Training for tourism

the curves around the nariz are so tight we could see the back of the train, though it was only 4 cars long.

the curves around the nariz are so tight we could see the back of the train, though it was only 4 cars long.

In 1908, under President Eloy Alfaro, Ecuador’s railroad from Guayaquil to Quito was finished. It was widely known as the most difficult railroad in the world. Some 2,500 workers died building it, including one of its chief engineers (John Harman, an American from Virginia).

One section of the railway, called El Nariz del Diablo (“The Devil’s Nose”), considered an engineering marvel when it was built, scales the face of a mountain at a grade of 5.7%, zig-zagging up the mountain, which is too steep to build tracks for a train to turn.

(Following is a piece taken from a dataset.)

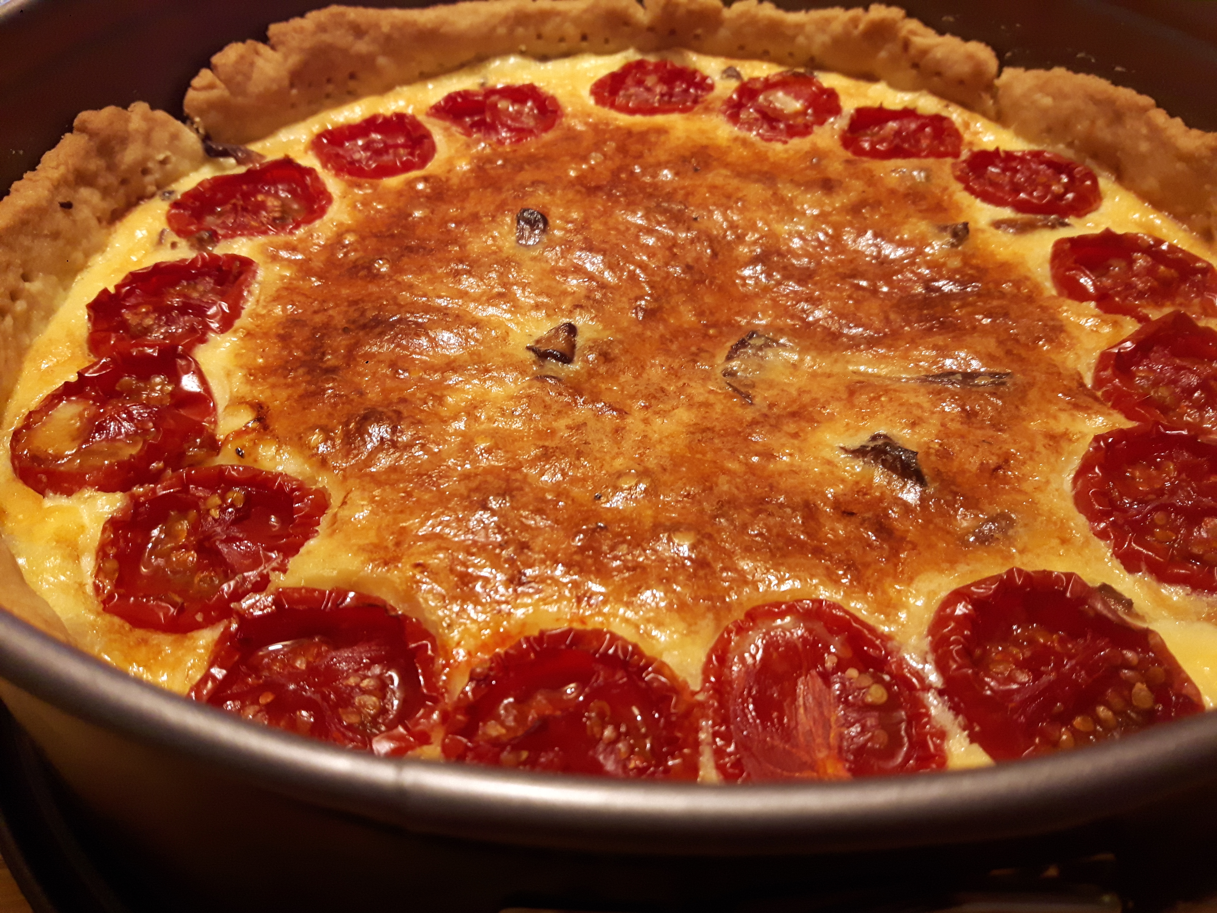 Det är som en västerbottenspaj uppgraderad med gula kantareller och tomater i det här fallet ugnsbakade så att smaken intensifieras. För de som missat västerbottenspajen på kräftskivan och sommaren gått mot höst.

This means that the train must crawl up one side of the mountain, stop, go in reverse to climb farther up another segment of track, then switch again to going forward to summit the mountain. It is as though Zorro took a giant swipe at the mountain with his blade, and the train follows the “Z” up the side of the rock, switching directions twice to scale it.

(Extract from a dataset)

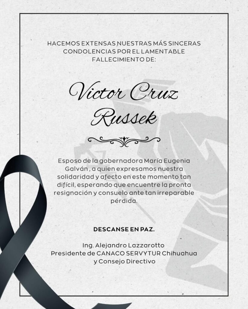 Cabe destacar que el empresario Víctor Cruz Russek falleció hace unas horas, a consecuencia de una complicación de salud.

The tracks make two switchbacks on the climb up the Nariz del Diablo (devil's nose)

The tracks make two switchbacks on the climb up the Nariz del Diablo (devil’s nose)

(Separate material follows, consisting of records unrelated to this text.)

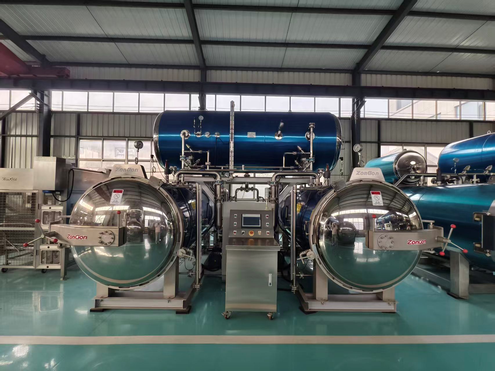 Its primary advantages are high efficiency and energy savings. Utilizing one heating system for two sterilization stations reduces initial equipment investment and floor space. The circulation and reuse of hot water significantly lower steam and water consumption.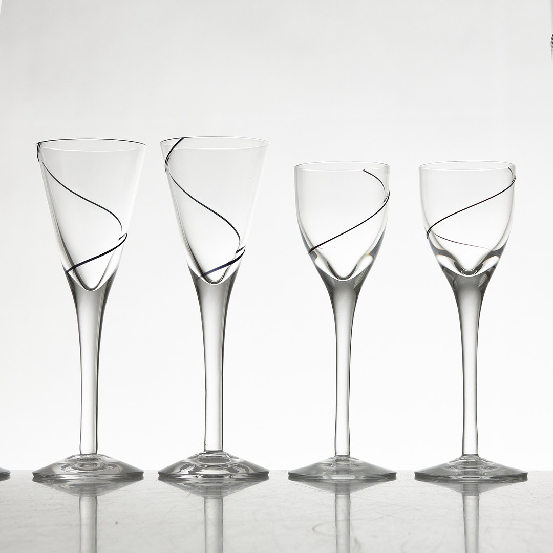 ANNA EHRNER. Glasservis, 38 delar, "Line", Kosta Boda, dekor i svart.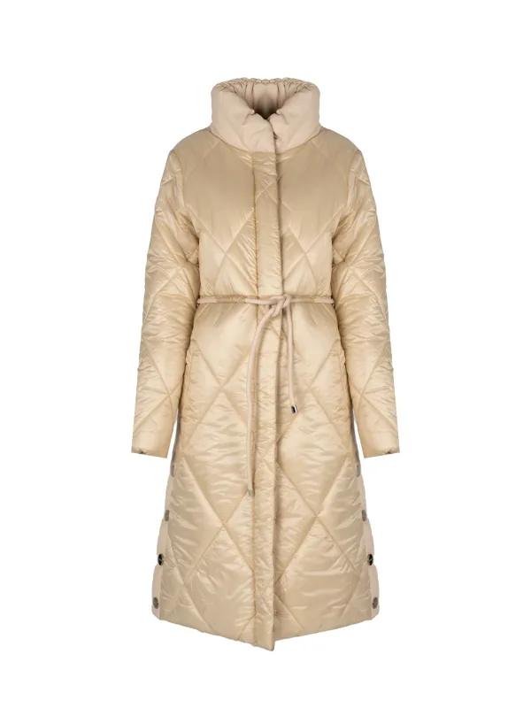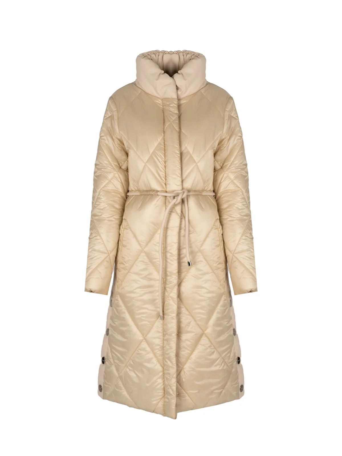 Deze klassieke, eenvoudige snit maakt het jasje zeer veelzijdig en geschikt voor vele stijlen, zowel voor casual als voor elegantere gelegenheden. De kraag geeft het jack elegantie en beschermt tegen de wind, waardoor het een ideale keuze is voor koelere dagen. Een dubbele sluiting met rits en drukknopen garandeert extra bescherming tegen de kou en comfort tijdens het dragen. De tailleband zorgt ervoor dat de jas perfect bij het figuur past, benadrukt de taille en voegt vrouwelijke charme toe. Praktische, diepe zakken aan de voorkant zijn ideaal voor het opbergen van kleine benodigdheden zoals sleutels of een telefoon. De drukknopen met logo aan de zijkanten zijn een subtiel maar stijlvol accent dat de hoge kwaliteit en opvallende kenmerken van het jack benadrukt. Een print met de merknaam op de voorkant is een elegant detail dat het jack prestige geeft en de authenticiteit bevestigt. Het jack is gemaakt van hoogwaardige stof die duurzaamheid, comfort en uitstekende bescherming tegen ongunstige weersomstandigheden biedt.

It is a testament to the ruggedness and steepness of the Andes that the Nariz del Diablo was chosen as the easiest route for a train to ascend into the mountains.

The Trans-Andean Railroad was crucial for development in Ecuador in the early 20th century, carrying goods and people more quickly and economically from the coast and the key port of Guayaquil up through some of the most difficult terrain in the world to the agricultural and population centers around Quito in the valleys of the high Andes. My mother remembers traveling on this train from Guayaquil to Quito.

During the past 50 years, though, the train steadily fell into disrepair and disuse. Landslides and lack of maintenance rendered sections of the track impassable. Other sections continued to be used inappropriately; after the railway ceased carrying passengers, hoards of people took to riding on the roofs of freight cars.

The refurbushed tracks follow their original rout right through the center of Alausi.

The refurbushed tracks follow their original rout right through the center of Alausi.

In 2008, the government ordered a halt to all use of the railway and began a major reconstruction. The track has been reopened in small sections since then, and by August, the entire train should be running again, mostly as a tourist attraction, between Quito and Guayaquil. The idea is partly to bring some economic revival to areas left high and dry after the train’s disuse. Alausí, which we visited last week, is a good example of such a place.

Alausí is just off the Pan-American Highway, in a remote area where the highway is merely a two-lane road — and the only paved road for miles around. Alausí is currently the only point from which you can travel on the Devil’s Nose section of the train (which operates only between the town and a point a few miles down the mountain, and only for tourism). About a 30-minute ride down from Alausí, down the Devil’s Nose, is a museum set up just for this purpose.

Traditional ways are alive and well in Alausi.

Traditional ways are alive and well in Alausi.

Alausí is a charming little town at the foot of a lush valley, where Ecuador’s low coastland meets the Andes. The town has not changed too much in the past half-century. It has a few simple hotels and restaurants; many of the buildings are still made from old adobe construction. Horses are still a common mode of transportation through the town’s narrow streets, and about half the population wears typical indigenous dress. It remains to be seen how much Alausí will change when the Trans-Andean Railroad is operating again, bringing more passengers and tourists with it.